Our focus is the interaction of the lymphatic and immune systems in cancer and in the immune response. These interests developed from our discovery of lymph node alterations in mice that precede and promote cancer metastasis.
NOTICE: The Ruddell Lab has moved to the University of Washington in Seattle as of December 2012. To learn more or contact Dr. Ruddell, please send inquiries to Alanna Ruddell or call (206)685-1216.
Cancer cell detection in tumor-draining lymph nodes (TDLNs) is used clinically to diagnose metastasis of many types of human cancers, suggesting that the lymphatic pathway is a common initial route of tumor spread. Immunocompetent mouse models show modest growth of tumor lymphatic vessels (lymphangiogenesis). However, extensive lymphatic sinus growth arises in tumor-draining lymph nodes (TDLNs), even before metastasis is initiated. This is associated with increased lymph drainage, suggesting the hypothesis that TDLN lymphatic sinus growth and accelerated lymph flow actively drive tumor dissemination into draining lymph nodes.
Abnormal accumulation of B cells throughout TDLNs is required to promote lymphatic alterations and metastasis, as B cell-deficient mice with melanoma do not develop TDLN lymphangiogenesis, increased lymph flow, or metastasis. Conversely, preneoplastic E-µ-c-myc transgenic mice that feature pre-existing LN B cell accumulation, lymphangiogenesis, and increased lymph flow show accelerated tumor metastasis to TDLNs, demonstrating that TDLN alterations actively promote tumor dissemination via the lymphatics. Mice bearing benign tumors do not develop these TDLN alterations, supporting the idea that TDLN B cells regulate metastatic potential. The involvement of TDLN B cells and lymphatic alterations in metastasis is a major area of interest.
Non-invasive imaging tests could improve diagnosis of cancer metastasis, to identify those patients needing aggressive intervention. The mouse cancer models identified abnormal and increased TDLN lymph flow as diagnostic features in mice developing metastatic tumors. MRI and optical imaging assays are being used to characterize the mechanism by which tumors increase lymph drainage, and to develop diagnostic imaging tests for cancer patients.

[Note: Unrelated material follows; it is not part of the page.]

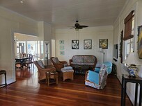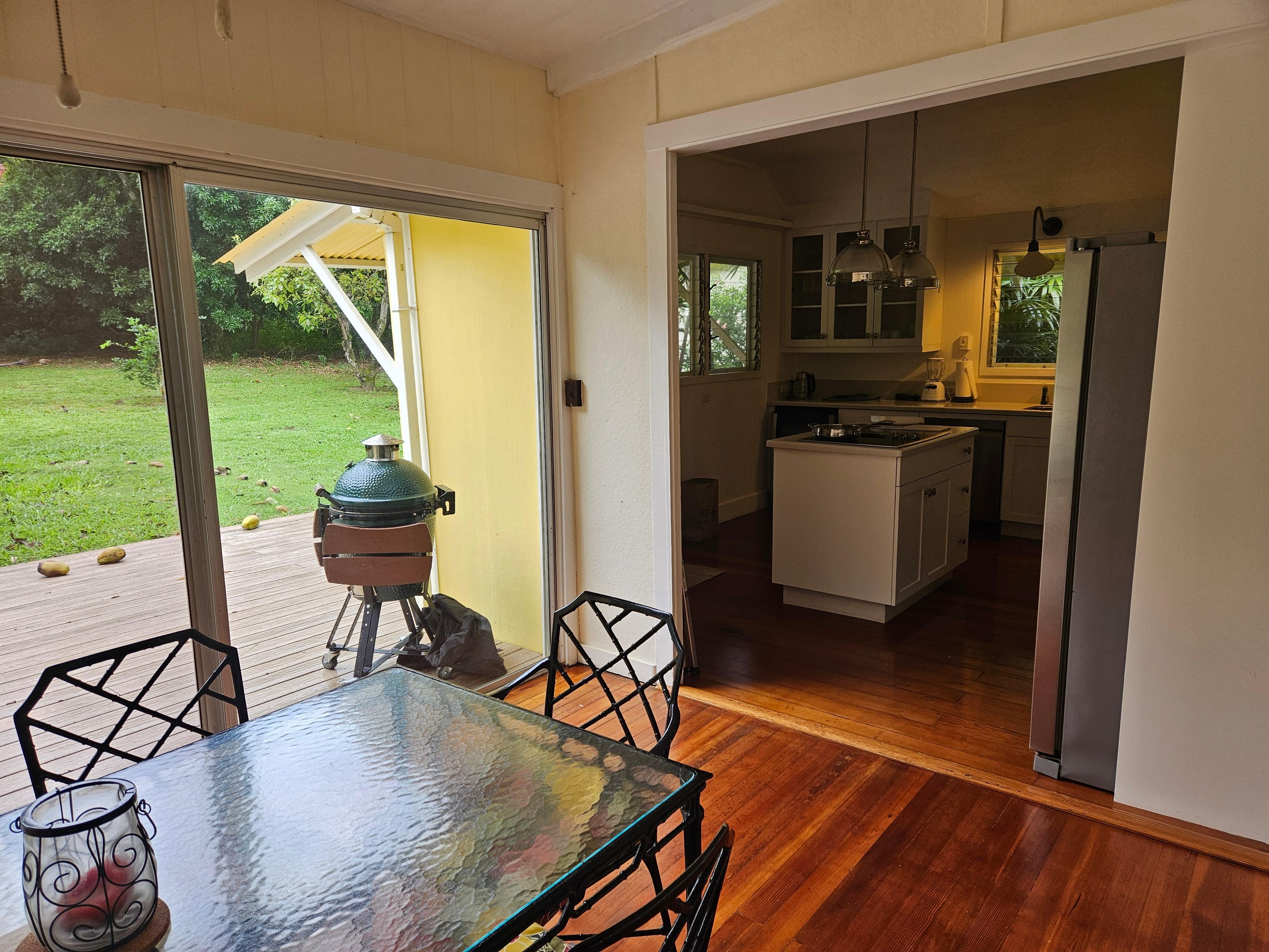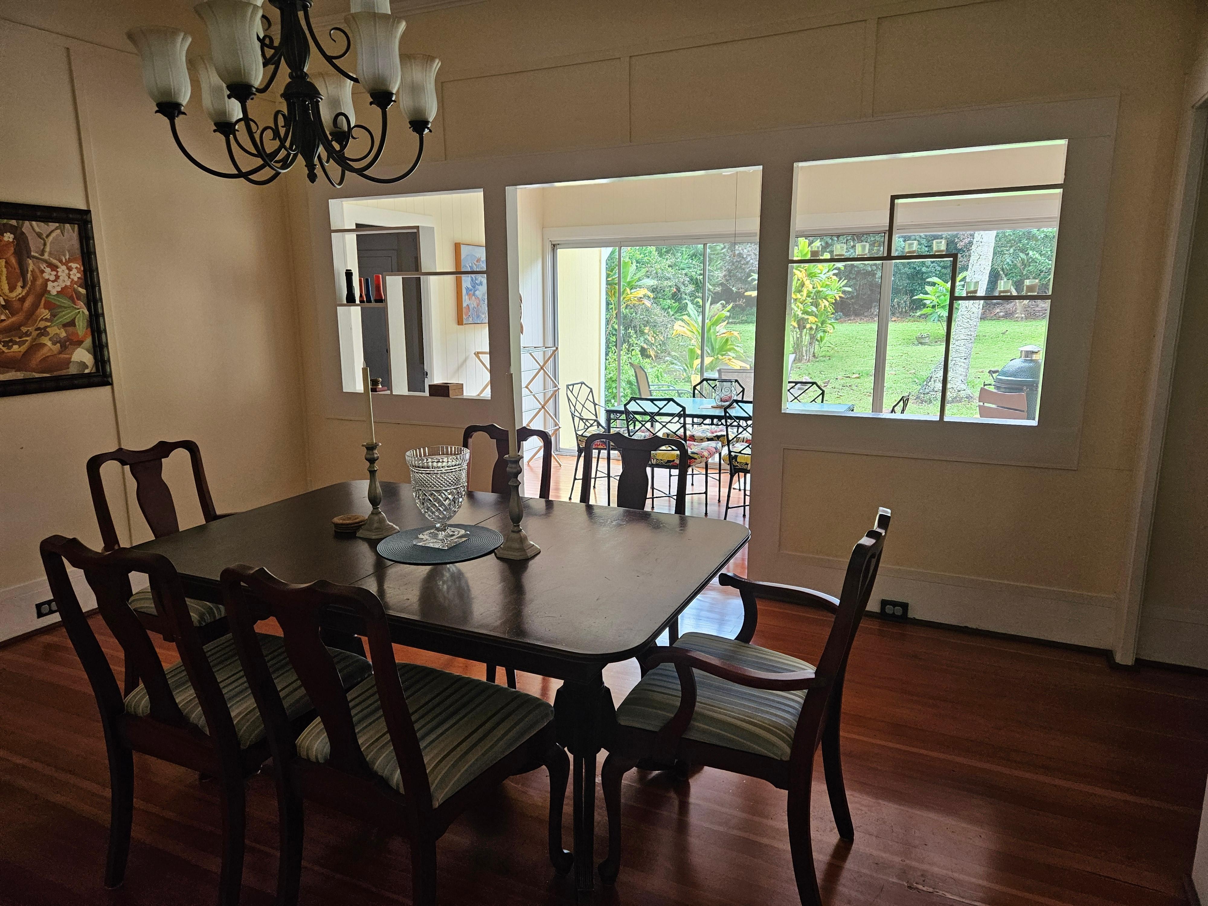 The house is tucked away yet close to amenities. A very private isolated back garden makes a perfect sanctuary full of the sights and sounds of nature and the wind blowing through the palms. Frequent sightings of local birds and the occasional wild piggy (harmless) always make meals in the garden room entertaining. A grand lanai across the front of the house is nicely exposed to the trade breezes and a great place to hang out throughout the day. A comfortable living room equipped with a flat screen TV (Cable, Apple TV and Netflix included).

The lymphatic circulation drains fluid and cells from the periphery through LNs, facilitating immune responses to lymph-borne antigens. A 10.1.1 monoclonal antibody to a lymphatic endothelial surface antigen was developed as a specific reagent for murine lymphatic vessel detection. The 10.1.1 antigen encodes the mCLCA1 protein, which demonstrates strong affinity for the LFA-1 and Mac-1 adhesion molecules expressed on lymphocytes and leukocytes. Investigation of mCLCA1 contributions to leukocyte trafficking and the immune response could provide new insights to lymphatic/immune system interactions.